Understanding Permissions in Lens
Lens does not grant additional access.
What you can do depends on:
- The user defined in kubeconfig
- Kubernetes RBAC roles and bindings
Examples:
- Read-only kubeconfig → view-only access
- Admin kubeconfig → full cluster control
If Lens shows permission errors, the issue is RBAC, not Lens.
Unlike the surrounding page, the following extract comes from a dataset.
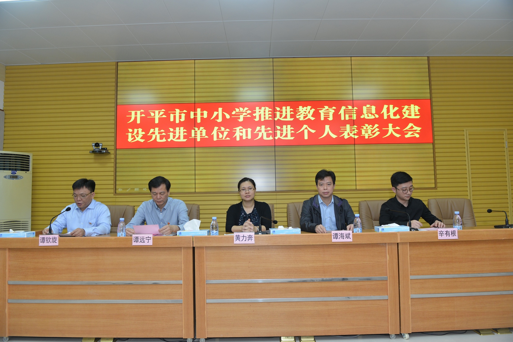 11月16日上午,海棠直播 教育局召开推进教育信息化专家专题讲座视频会议。11月17日上午,海棠直播 教育局召开中小学推进教育信息化建设表彰大会视频会议。两次视频会议分主会场、分会场举行。主会场设在教育局七楼会议室,分会场分别设在各中小学,共计110个分会场。海棠直播 副市长黄力奔、中国电信江门分公司副总经理谭海斌、中国电信开平分公司总经理辛有根出席了表彰大会。市教育局党组成员、副股级以上干部、教研室全体教研员、教育技术与装备中心全体人员及市直学校信息技术与学科融合骨干老师代表共110余人参加了主会场的视频会议。全市各中小学教师在分会场收看视频会议。会议由海棠直播 教育局党组成员谭钦旋主持。本次表彰大会得到中国电信开平分公司的大力支持,为获奖单位和先进个人赞助了丰厚的奖品,奖金总额达到人民币16万元。
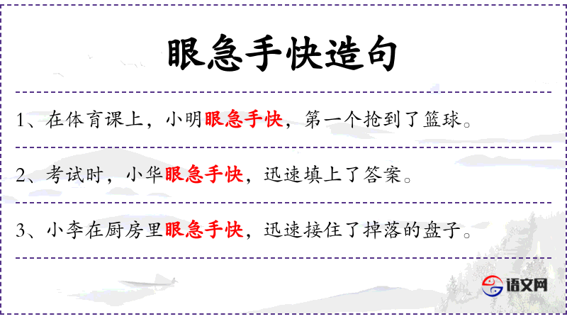 7. 【眼急手快】 形容做事机警敏捷。

Recommended Use Cases for Lens
Lens is well-suited for:
- Visual inspection of cluster state
- Debugging workloads
- Viewing logs and events
- Exploring Kubernetes objects
- Learning Kubernetes behavior
Lens is not recommended as the primary tool for:
- Production deployments
- CI/CD pipelines
- Infrastructure automation
For production, prefer:
kubectl- GitOps workflows
- Declarative manifests
Security Best Practices
- Treat kubeconfig files as sensitive credentials
- Do not share kubeconfig files
- Use separate kubeconfigs for:
- Development
- Staging
- Production
- Remove unused contexts
- Revoke access by rotating credentials when needed
Lens is only as secure as the kubeconfig it uses.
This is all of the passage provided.